▶ **WHAT IS BEING ASKED**
Transcribe the lines below exactly. No image belongs in the transcription.

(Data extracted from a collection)
**********
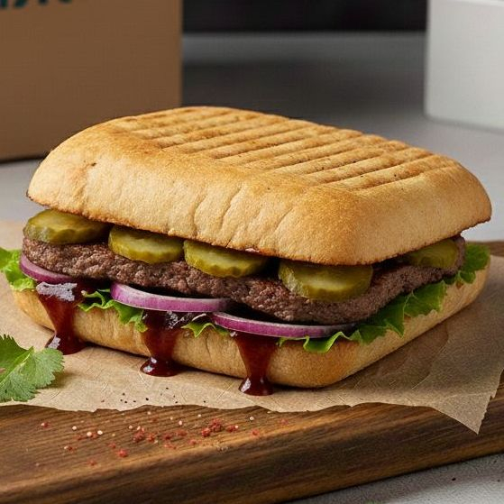 Чиабатта, майонез, салат, маринованный огурец, говядина, красный лук, соус BBQ.
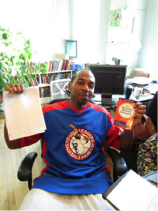 Demetrius shows off the list of vocabulary words he learned through Free Minds while in prison. The new BAM! initiative will enable more members to stay involved and learning.
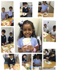 In D.T. we made picnic wraps to as part of the school’s 150 years celebration. We analysed different ingredients and then used our cutting, peeling and grating skills to make our wrap using our favourite.
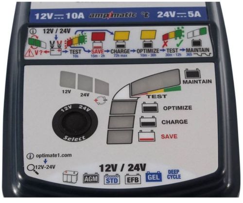 "Le chargeur de batterie 10A 12V / 5A 24V le plus avancé au monde! OptiMate 7 12V-24V convient parfaitement pour les batteries de démarrage et à cycle prolongé 12 V et 24 V haute performance, qui nécessitent une charge contrôlée à la bonne température et une maintenance longue durée sans supervision en toute sécurité. PARTICULARITÉS : Conçu pour les composants électroniques fragiles : Le programme SAVE a été conçu pour un démarrage basse tension entièrement automatisé en toute sécurité (à partir 0,5 Volts) et une récupération par impulsions de batteries fortement déchargées connectées à des composants électroniques très fragiles, comme par ex. les aéronefs légers et les équipements industriels. Protection contre les erreurs de sélection de tension : Si l’OptiMate 7 12-24 V est positionné sur 24 V et qu’une batterie 12 V est branchée, celui-ci préviendra directement qu’une basse tension est détectée et que la charge est impossible. L’utilisateur doit confirmer que la tension nominale de la batterie connectée est de 24 V avant que le mode de récupération ne s’active. •AMPÉRAGE DE CHARGE: 10A @ 12V / 5A @ 24V (Ampmatic) •UTILISATION: en intérieur/extérieur (température la plus basse : -40 °C). •RÉCUPÉRATION: démarrage basse tension à partir de 0.5 V (12 V) + récupération par désulfatation en 1 étape. •IDÉAL POUR: batteries STD, AGM et GEL 12 V (3 – 400 Ah) / 24 V (1-200Ah) •ENTRÉE: globale (100 – 240 V 50 – 60 Hz), haut rendement (certification CEC), scellée hermétiquement. •STYLE: boîtier résistant aux intempéries avec fixations murales, câble d’alimentation CA de 180 cm et câble de charge de 180 cm avec connecteur SAE. Câble de batterie étanche et ensemble de pinces pour batterie standard inclus. SÉCURITÉ: aucun risque de surcharge. Totalement sûr pour l’électronique du véhicule. Suppression des étincelles. Maintenance longue durée de batterie en toute sécurité. Extinction automatique en cas de court-circuit ou si la batterie est débranchée. •Garantie de remplacement limitée de 3 ans. "
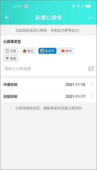 4. 点击新增心愿单选项,孩子可以对心愿单的类型、许诺时间以及兑换时间进行设置,给予孩子奖励能够激发他们的动力。
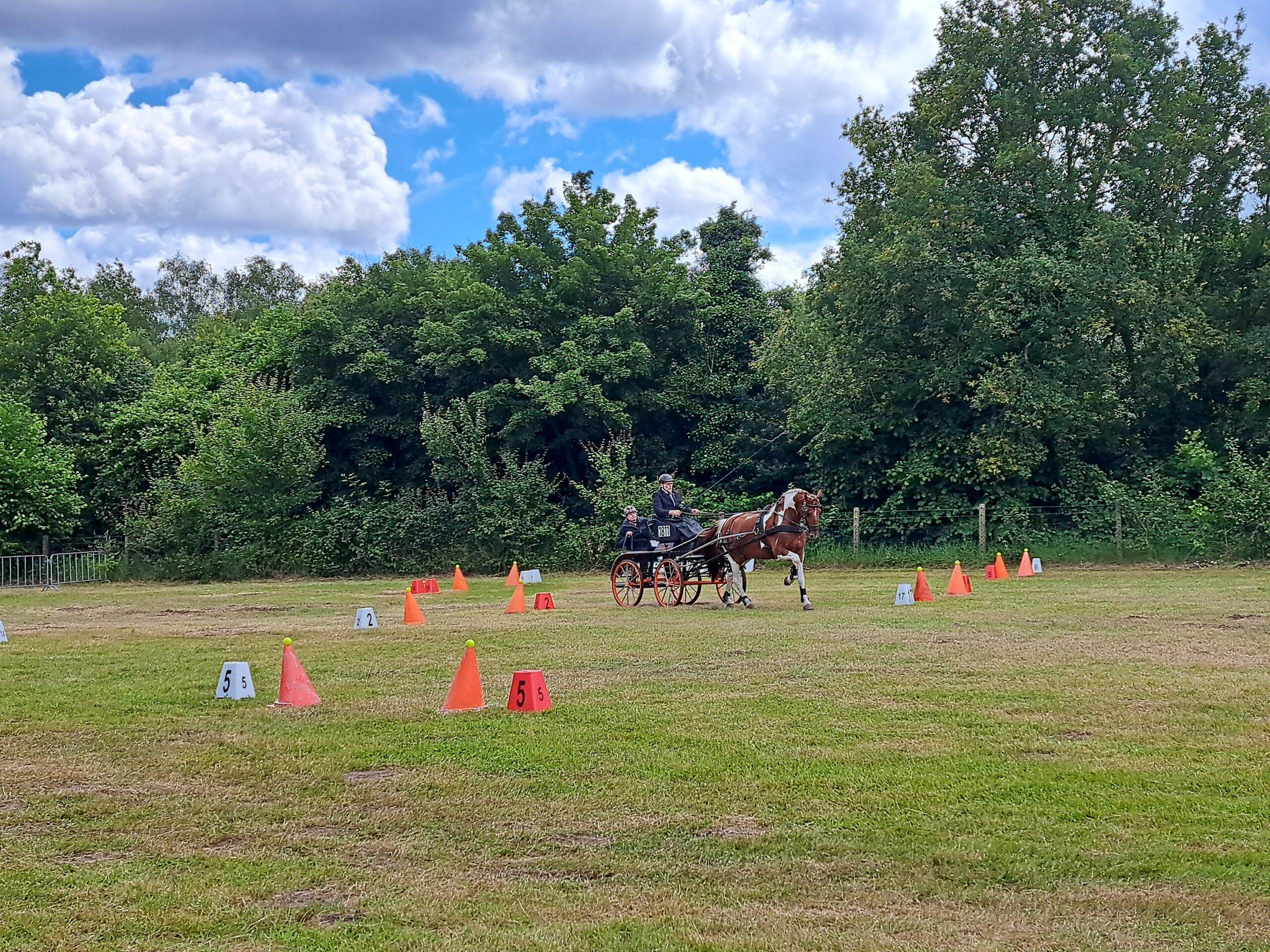 En het bleef op zaterdag de hele dag droog. Het dressuurterrein had geleden onder de nattigheid en enkele gravende mollen, maar was goed droog. De vaardigheid, die normaal plaatsvindt op de gedraineerde zandpiste van Manege Meulendijks, was verplaatst naar het marathonveld en ook dat terrein, waar morgen het B-traject van de marathon overheen gaat, heeft zich heel goed gehouden. Op het parkeerterrein van de ‘heen-en-weer’ – rijders stond een tractor klaar om de vrachtwagens en zware autocombinaties van het parkeerterrein te helpen, zonder dat er eerst diepe slipsporen in de grond gereden werden en de wagens verder in de zachte bodem zakten.
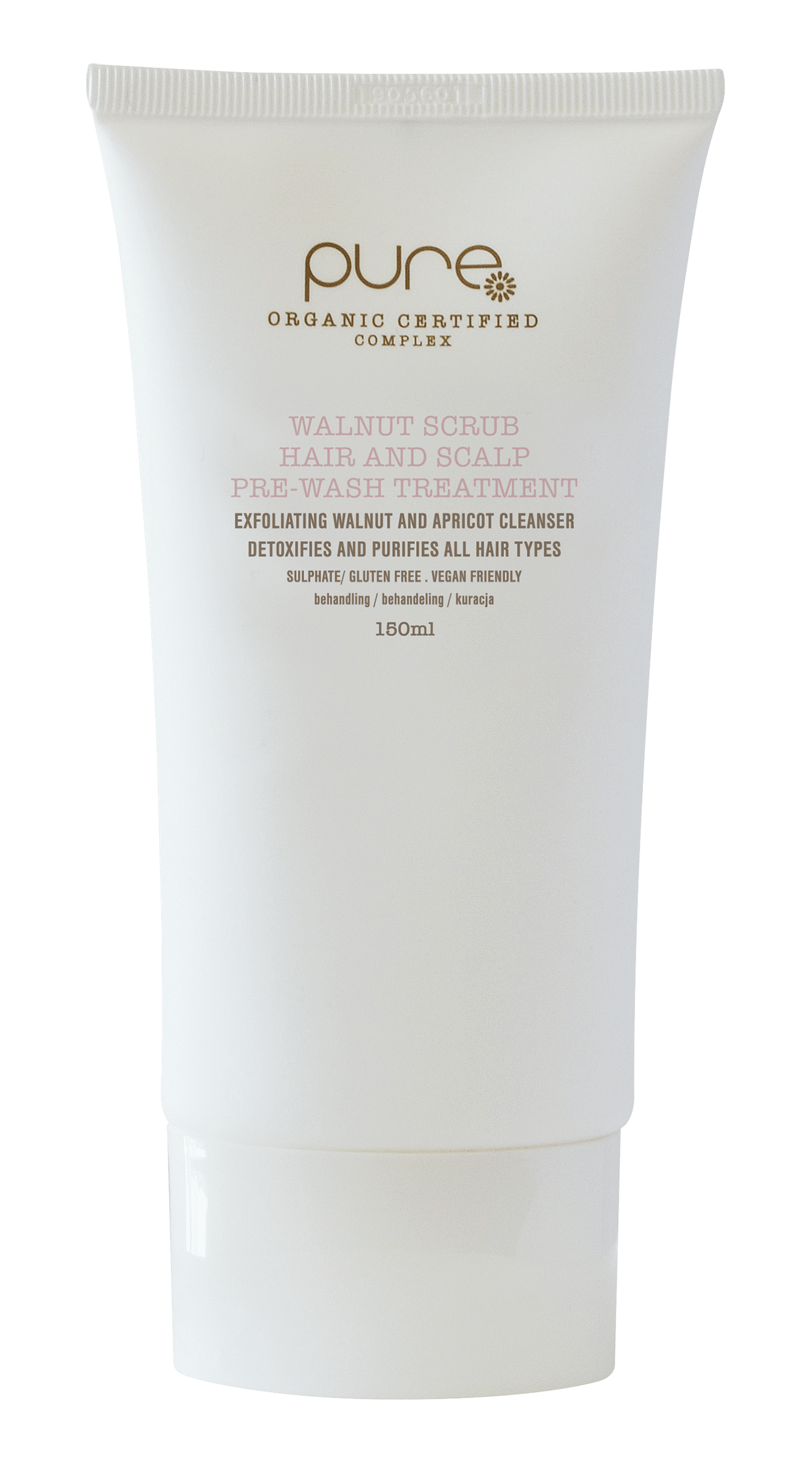PURE WALNUT SCALP SCRUB offers a gentle exfoliating pre-wash treatment designed to deeply detoxify your hair and scalp.
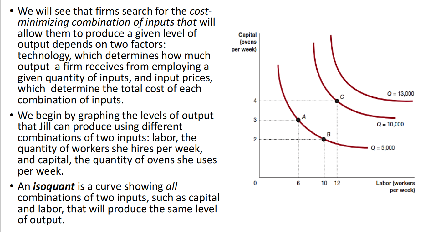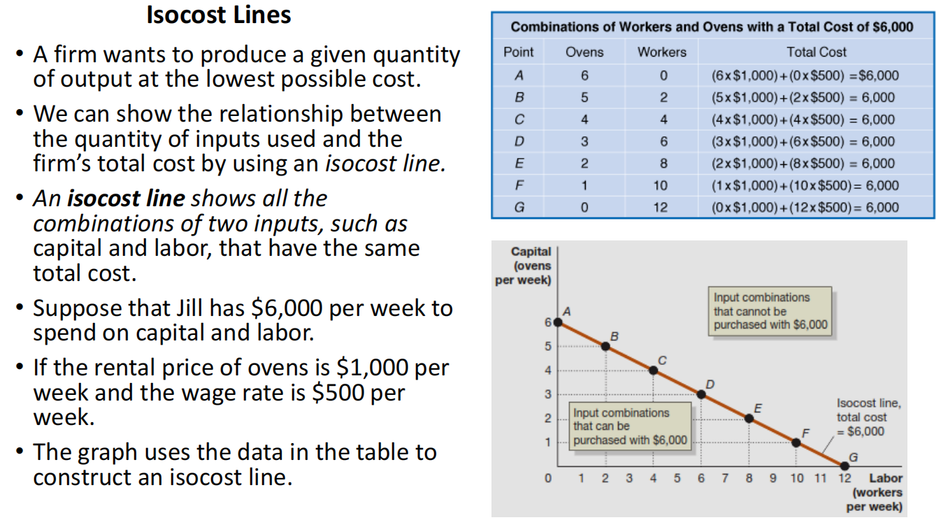 (如果劳动价格为每周500美元,资本(烤箱)的价格为每周1,000美元,那么等成本线的斜率为-1/2。)
**********
▶ **EXERCISE RESULT**
 Чиабатта, майонез, салат, маринованный огурец, говядина, красный лук, соус BBQ.
 Demetrius shows off the list of vocabulary words he learned through Free Minds while in prison. The new BAM! initiative will enable more members to stay involved and learning.
 In D.T. we made picnic wraps to as part of the school’s 150 years celebration. We analysed different ingredients and then used our cutting, peeling and grating skills to make our wrap using our favourite.
 "Le chargeur de batterie 10A 12V / 5A 24V le plus avancé au monde! OptiMate 7 12V-24V convient parfaitement pour les batteries de démarrage et à cycle prolongé 12 V et 24 V haute performance, qui nécessitent une charge contrôlée à la bonne température et une maintenance longue durée sans supervision en toute sécurité. PARTICULARITÉS : Conçu pour les composants électroniques fragiles : Le programme SAVE a été conçu pour un démarrage basse tension entièrement automatisé en toute sécurité (à partir 0,5 Volts) et une récupération par impulsions de batteries fortement déchargées connectées à des composants électroniques très fragiles, comme par ex. les aéronefs légers et les équipements industriels. Protection contre les erreurs de sélection de tension : Si l’OptiMate 7 12-24 V est positionné sur 24 V et qu’une batterie 12 V est branchée, celui-ci préviendra directement qu’une basse tension est détectée et que la charge est impossible. L’utilisateur doit confirmer que la tension nominale de la batterie connectée est de 24 V avant que le mode de récupération ne s’active. •AMPÉRAGE DE CHARGE: 10A @ 12V / 5A @ 24V (Ampmatic) •UTILISATION: en intérieur/extérieur (température la plus basse : -40 °C). •RÉCUPÉRATION: démarrage basse tension à partir de 0.5 V (12 V) + récupération par désulfatation en 1 étape. •IDÉAL POUR: batteries STD, AGM et GEL 12 V (3 – 400 Ah) / 24 V (1-200Ah) •ENTRÉE: globale (100 – 240 V 50 – 60 Hz), haut rendement (certification CEC), scellée hermétiquement. •STYLE: boîtier résistant aux intempéries avec fixations murales, câble d’alimentation CA de 180 cm et câble de charge de 180 cm avec connecteur SAE. Câble de batterie étanche et ensemble de pinces pour batterie standard inclus. SÉCURITÉ: aucun risque de surcharge. Totalement sûr pour l’électronique du véhicule. Suppression des étincelles. Maintenance longue durée de batterie en toute sécurité. Extinction automatique en cas de court-circuit ou si la batterie est débranchée. •Garantie de remplacement limitée de 3 ans. "
 4. 点击新增心愿单选项,孩子可以对心愿单的类型、许诺时间以及兑换时间进行设置,给予孩子奖励能够激发他们的动力。
 En het bleef op zaterdag de hele dag droog. Het dressuurterrein had geleden onder de nattigheid en enkele gravende mollen, maar was goed droog. De vaardigheid, die normaal plaatsvindt op de gedraineerde zandpiste van Manege Meulendijks, was verplaatst naar het marathonveld en ook dat terrein, waar morgen het B-traject van de marathon overheen gaat, heeft zich heel goed gehouden. Op het parkeerterrein van de ‘heen-en-weer’ – rijders stond een tractor klaar om de vrachtwagens en zware autocombinaties van het parkeerterrein te helpen, zonder dat er eerst diepe slipsporen in de grond gereden werden en de wagens verder in de zachte bodem zakten.
PURE WALNUT SCALP SCRUB offers a gentle exfoliating pre-wash treatment designed to deeply detoxify your hair and scalp.
 (如果劳动价格为每周500美元,资本(烤箱)的价格为每周1,000美元,那么等成本线的斜率为-1/2。)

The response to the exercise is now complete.